Quanto ao quinto ponto, registra-se que até o momento não há, além de memorando de intenções, um plano claro sobre o total de vacinas que o país irá comprar, bem como o tipo delas. Esses itens são fundamentais, uma vez que existem muitas especificadas entre as diferentes vacinas que requerem uma logística de armazenamento e de distribuição totalmente distinta. Na verdade, o que se viu até o momento foi a apresentação de um esboço de um plano de imunização com apenas 18 páginas parecido com o que já vinha sendo feito pelo MS para outras campanhas, o que parece ser mais um grande erro, uma vez que essa doença é bem distinta e, por isso mesmo, exige um plano bem mais complexo e rigorosamente organizado. Portanto, ao ser pressionado diante de mais uma incompetência, o que o general fez foi pegar um plano do MS e apresentá-lo como sua estratégia para a imunização das pessoas. Na essência, o que se observa na área da saúde é que a mesma está sob gestão de um general de competências duvidosa e que se curva às maluquices e ignorâncias de seu chefe. Em resumo, o documento apresentado nem sequer pode ser considerado um esboço do que deveria ser um plano nacional de imunização de enfrentamento dessa terrível doença, tamanho é sua superficialidade. E isto é bastante revelador do desastre que tem sido a gestão nesta área crucial para a sociedade brasileira.

Para fechar a semana com chave de ouro, o general pediu que seu garoto propaganda anunciasse para a sociedade nesta sexta-feira que estará publicando uma Medida Provisória em breve para confiscar qualquer iniciativa de vacinas de estados (produzidas e/ou importadas) fora do comando do MS e de seu estapafúrdio plano nacional de imunização.

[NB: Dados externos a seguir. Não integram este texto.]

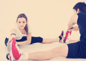 szczęśliwych młodych ludzi w ćwiczenia i zrelaksować się w klubie fitness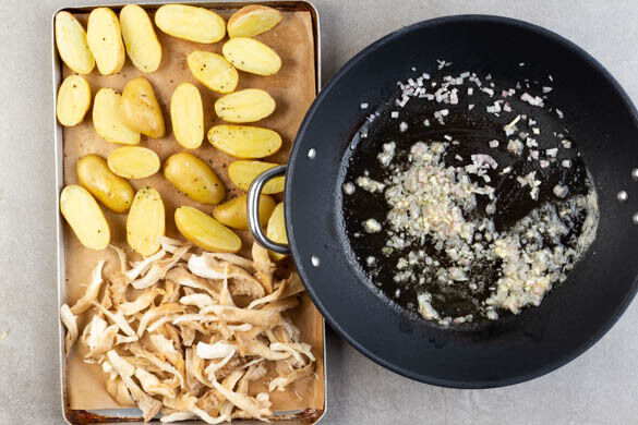 Die Kartoffeln aus dem Ofen nehmen und die Pilze auf der freien Seite des Backblechs mit 1TL Olivenöl und 1 Prise Salz vermengen. Die Kartoffeln und die Pilze weitere 7–10Min. backen, bis die Pilze appetitlich gebräunt sind. Die Schalotte und den Knoblauch schälen und fein würfeln, dann in der Pfanne mit 1EL Butter bei mittlerer Hitze ca. 3Min. glasig anbraten.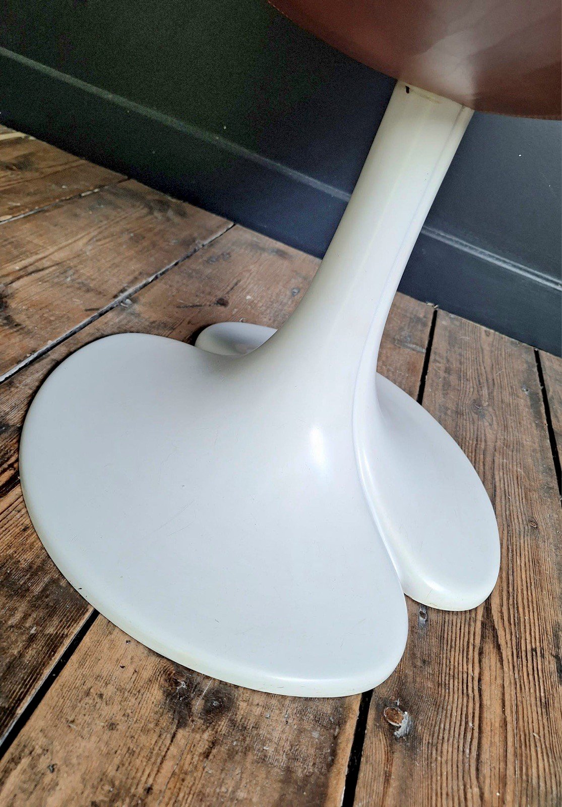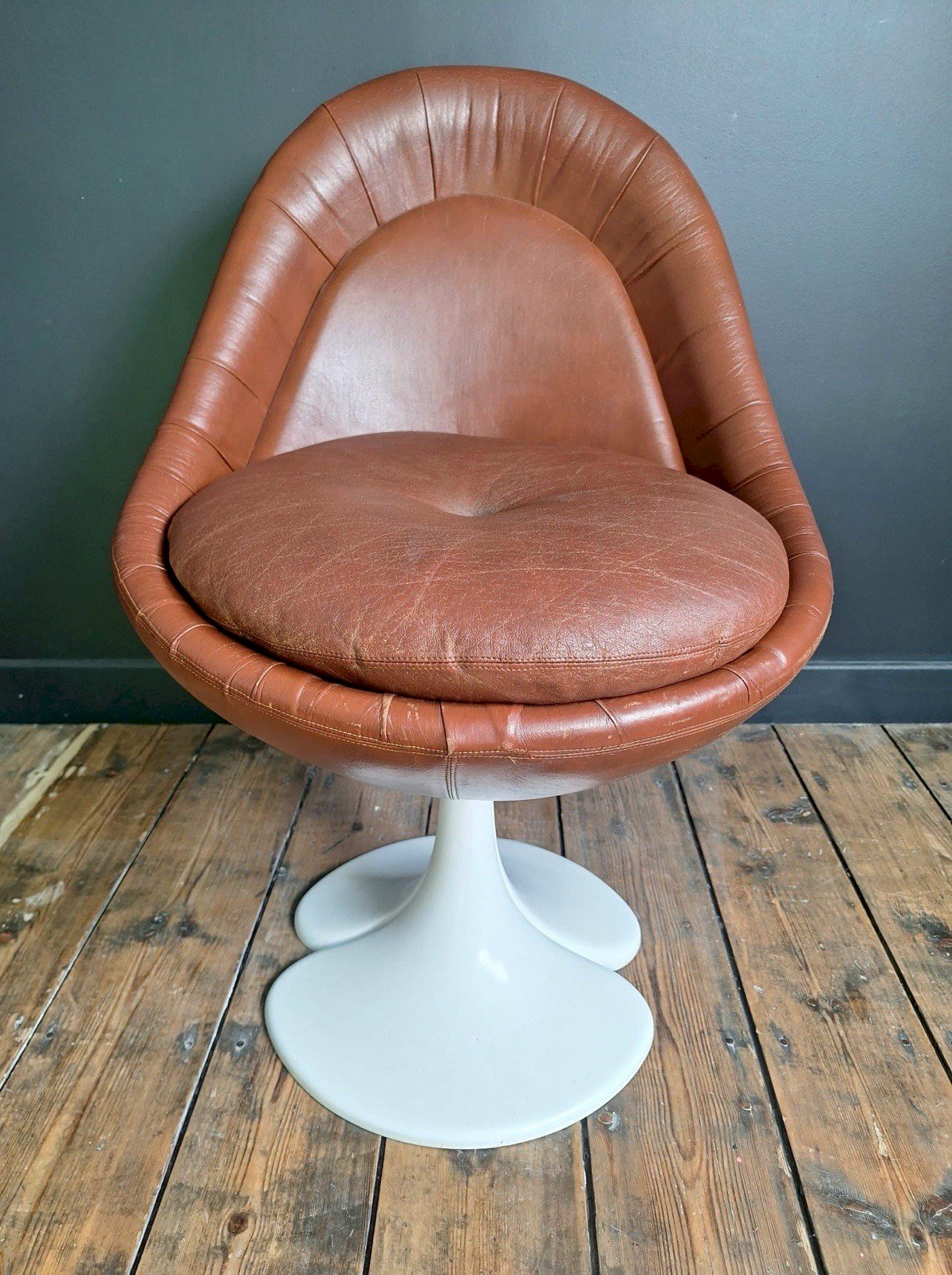 Merci de m’écrire si vous souhaitez me faire une offre. Suite de 4 fauteuils vintage Christian Adam modèle trèfle, meubles sièges design Dimensions 54x60xh80, assise 50cm. Chaises forme oeuf (egg) en skaï marron des années 1970. Design Space age. Quelques traces d’usage : éraflures et griffes sur le simili cuir, quelques éclats sur les pieds, un revêtement sous l’assise manquant (invisible). Les chaises sont pivotantes. Remise à mon domicile ou livraison possible via transporteur (ex 80€ vers Paris et région parisienne, me contacter pour d’autres destinations). Les délais de livraison de 2 à 4 jours sont imposés par et sont donc donnés à titre purement indicatif. Scandinave guariche table bureau rétro Type:Fauteuil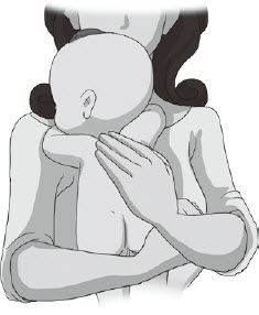 Step 1:抱起宝宝,用手掌弯成铲状,用空掌轻轻拍打宝宝的背部,做1分钟左右。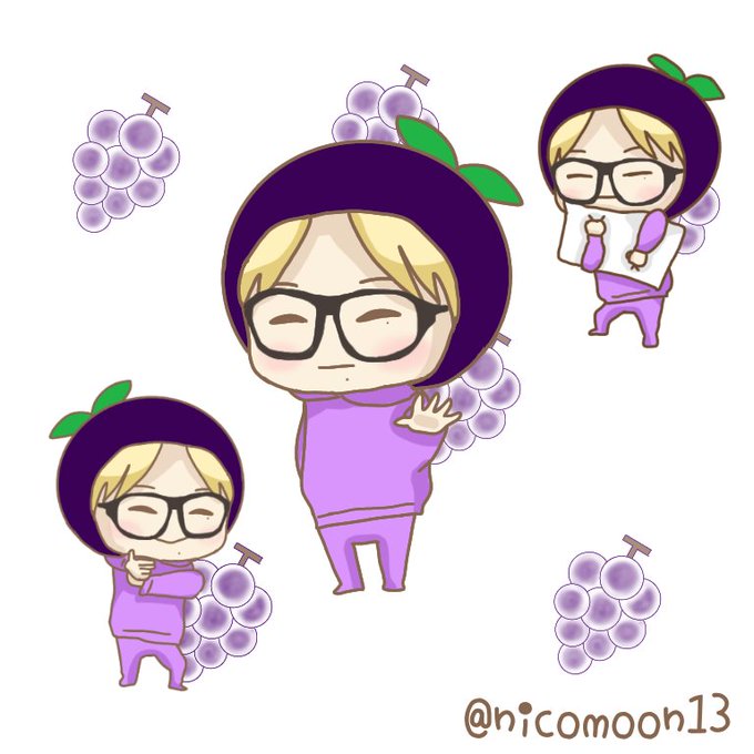NI_KIくんがどうしてもナスが良いと言うならば(言ってない)、いっそフルーツではなく秋の味覚シリーズにしてしまえと会議で決まったので描き出したんだけど、3人で力尽きました💦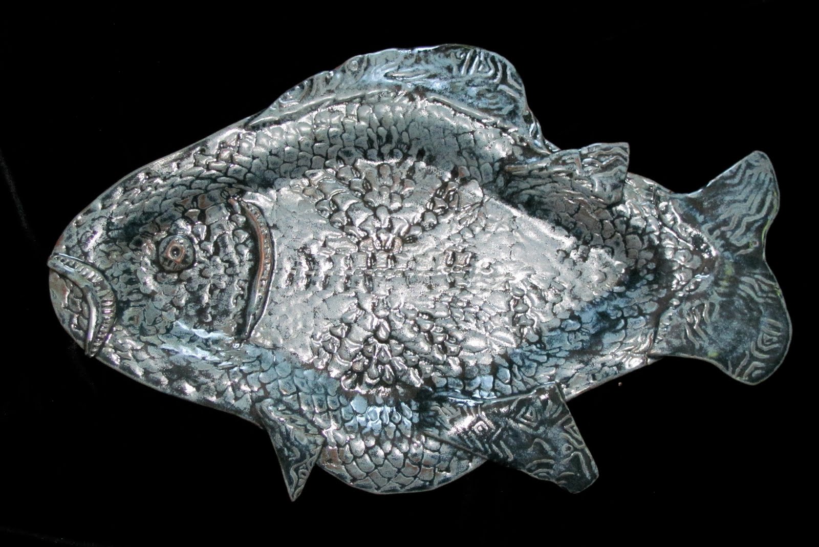 I'm very please with the way this glaze accentuates the textures and designs. Because it tends to run, it flows into crevices, darker where it pools, lighter and mottled where thinner over raised surfaces. This color variation gives the feeling of a shimmering fish just pulled from the ocean.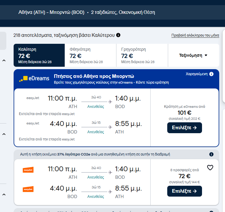 Η συνολική τιμή είναι 144€ με επιστροφή με Easyjet.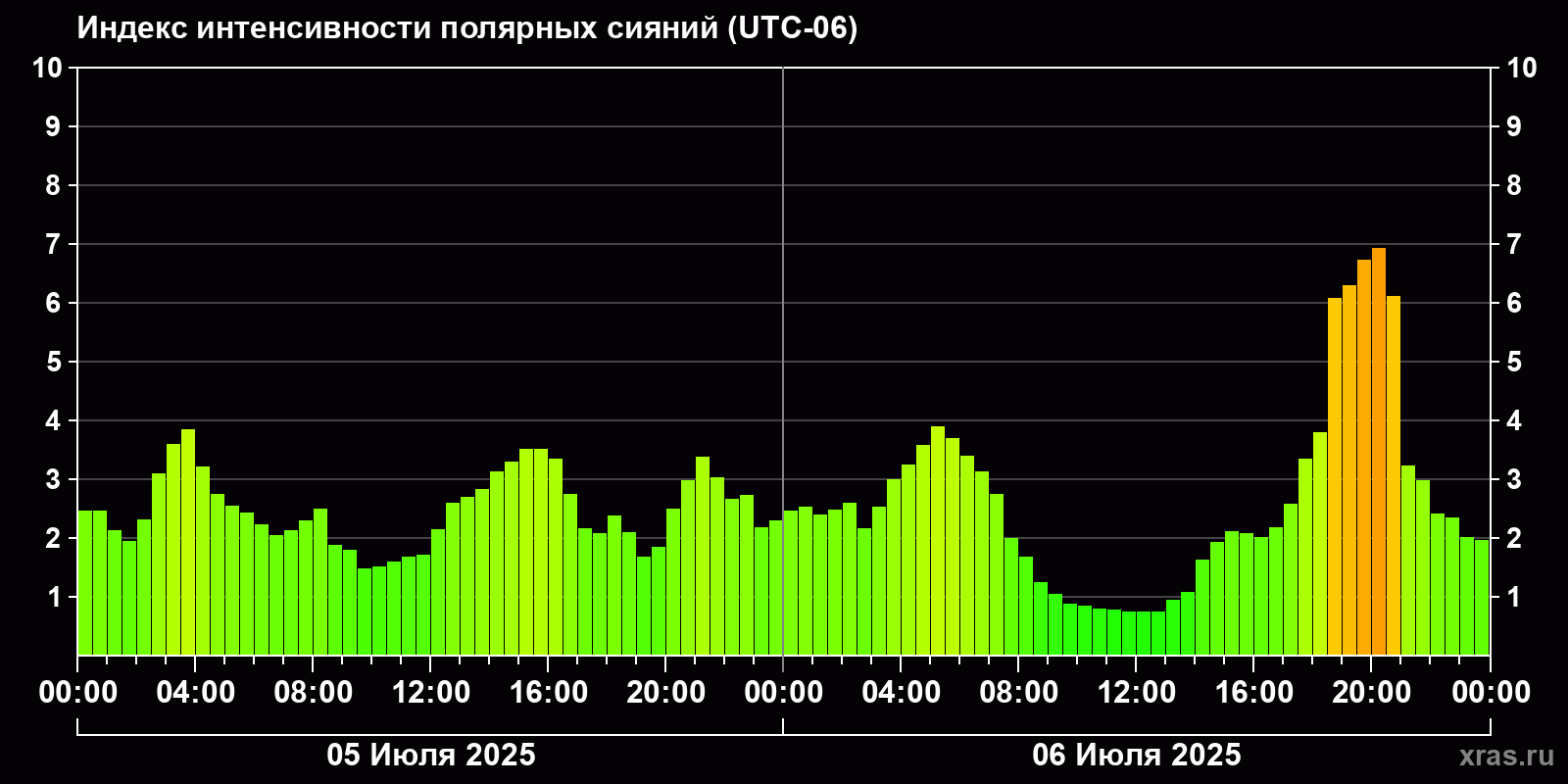 Изменения индекса интенсивности полярных сияний с 2025-07-05 по 2025-07-06 по местному времени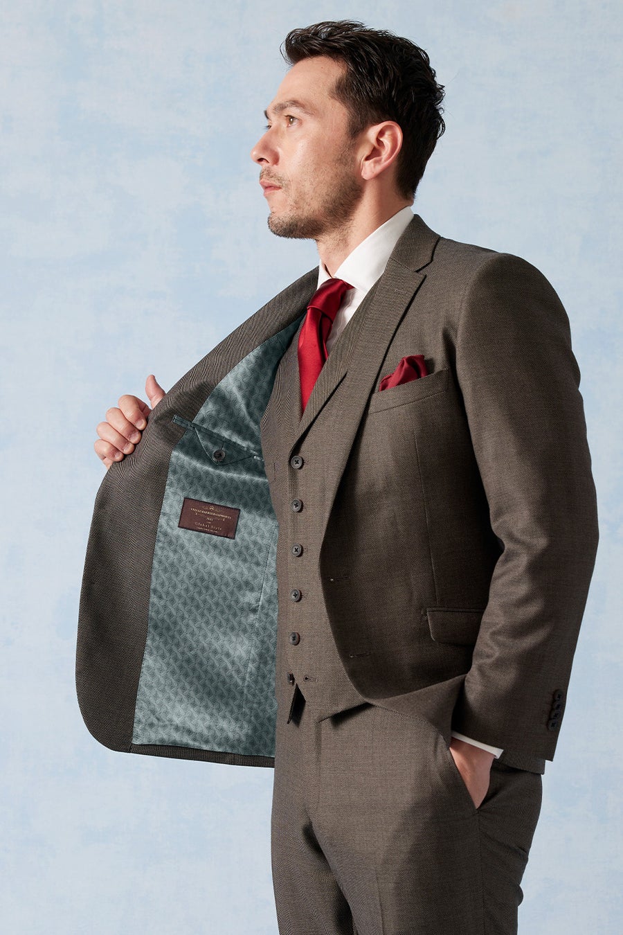ジャケット・ベスト・パンツがすべて同じ生地で仕立てられたスーツはスリーピース(三つ揃え)と呼ばれます。元々、スーツと言えばベストまで含めたスリーピースのことを指しており、ビジネスシーンだけでなく、結婚式・卒入園式・卒入学式などのセレモニーシーンでも人気のスーツスタイルです。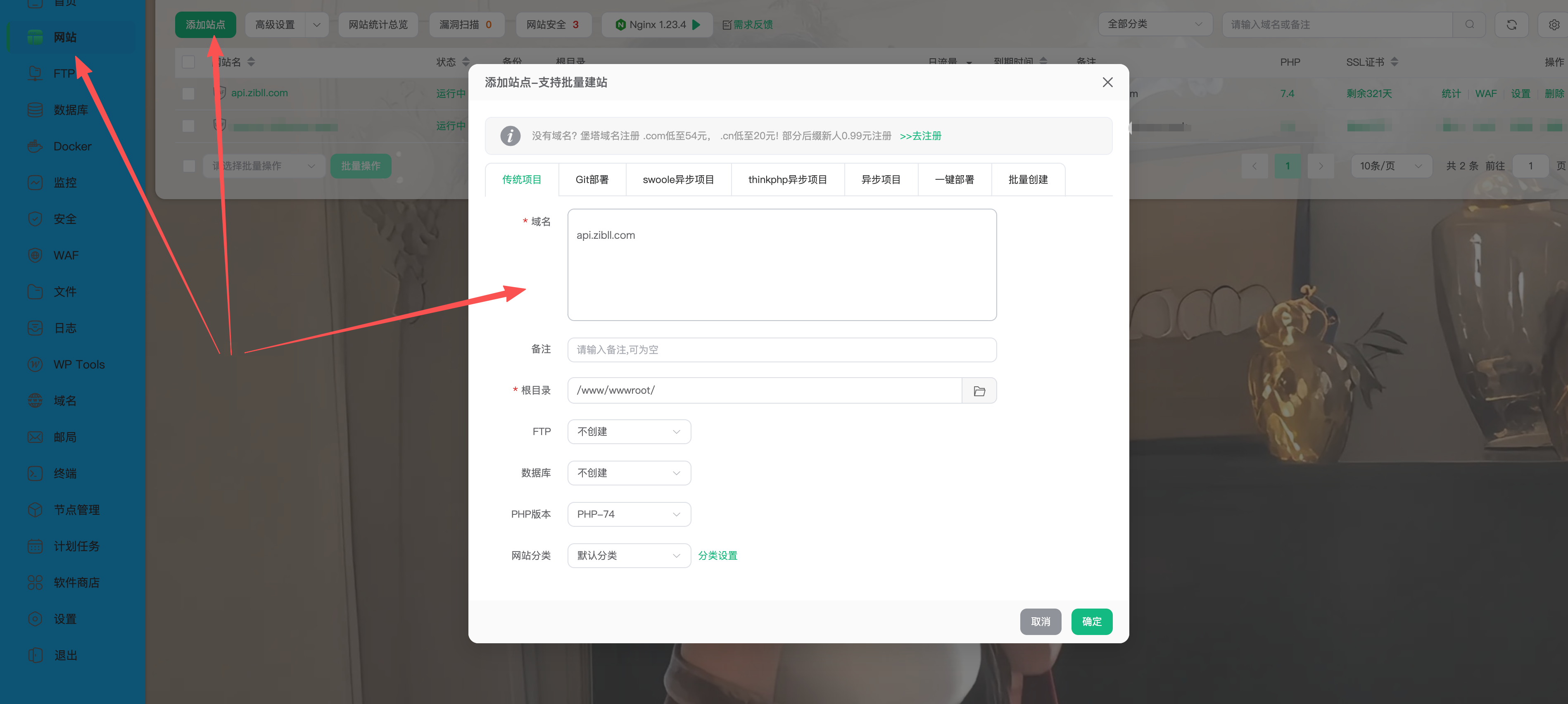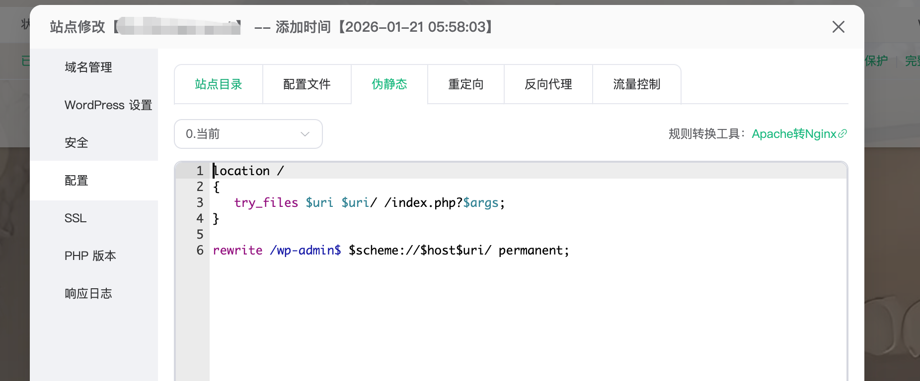回到网站设置,配置伪静态(注意不要有多余空格):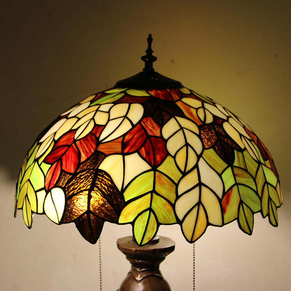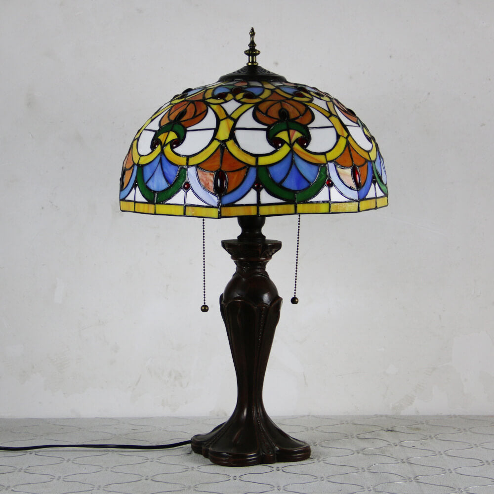 Tiffany European Retro Flowers Stained Glass Pull Cord 1-Light Table Lamp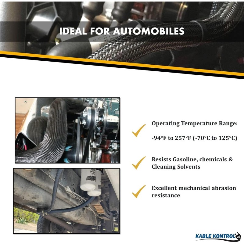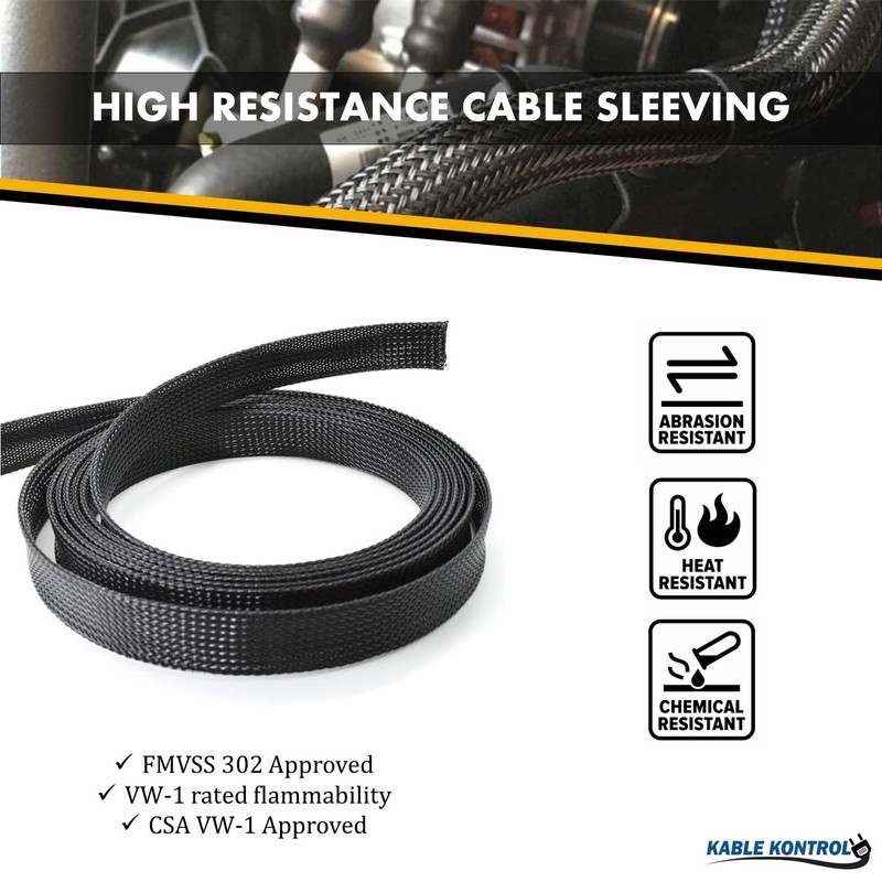 - HIGH RESISTANCE: This sleeving has high resistance to abrasion, heat, chemicals, automotive fluids & solvents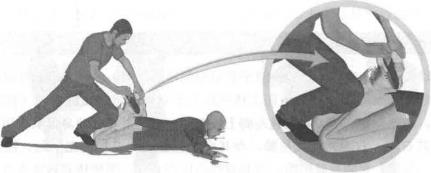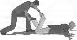 24) 。继而左腿屈膝下跪将其双腿挤压在一起可致使其两膝关节相互挫伤(图3-6-25)。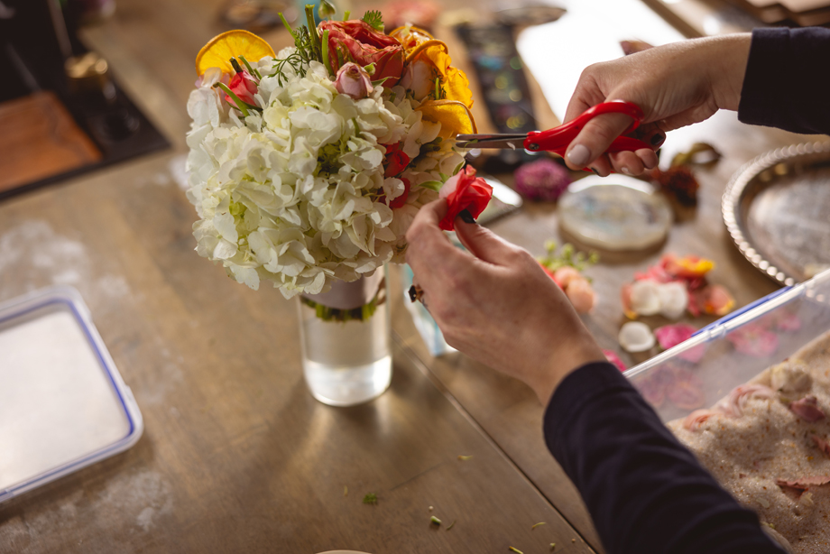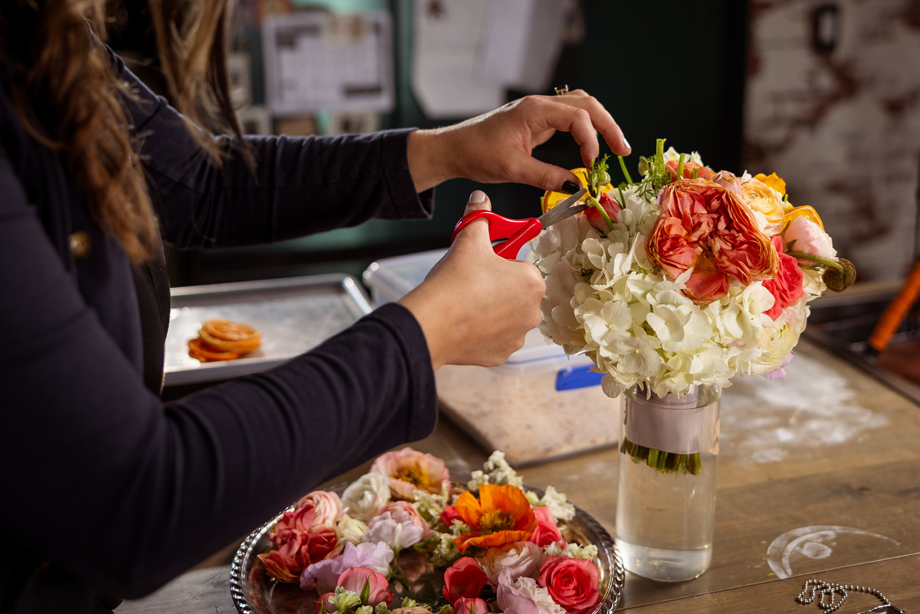 Once a bouquet is received, if it is not already in water, I will cut the stems and place it in water. This rehydrates everything and gets the blossoms the happiest they could be.

Desta maneira, o país se encontra nesse atoleiro produzido por um governo que constantemente despreza a vida e que está deixando um lastro de mortes e de destruição institucional, fatos que por si só projetam um presente e um futuro muito sombrios para o conjunto da sociedade brasileira.

Lauro Mattei – Professor Titular do Departamento de Economia e Relações Internacionais e Professor Permanente do Programa de Pós-Graduação em Administração, ambos da UFSC. Coordenador geral do NECAT-UFSC e Pesquisador do OPPA/CPDA/UFRRJ. Email: [email protected]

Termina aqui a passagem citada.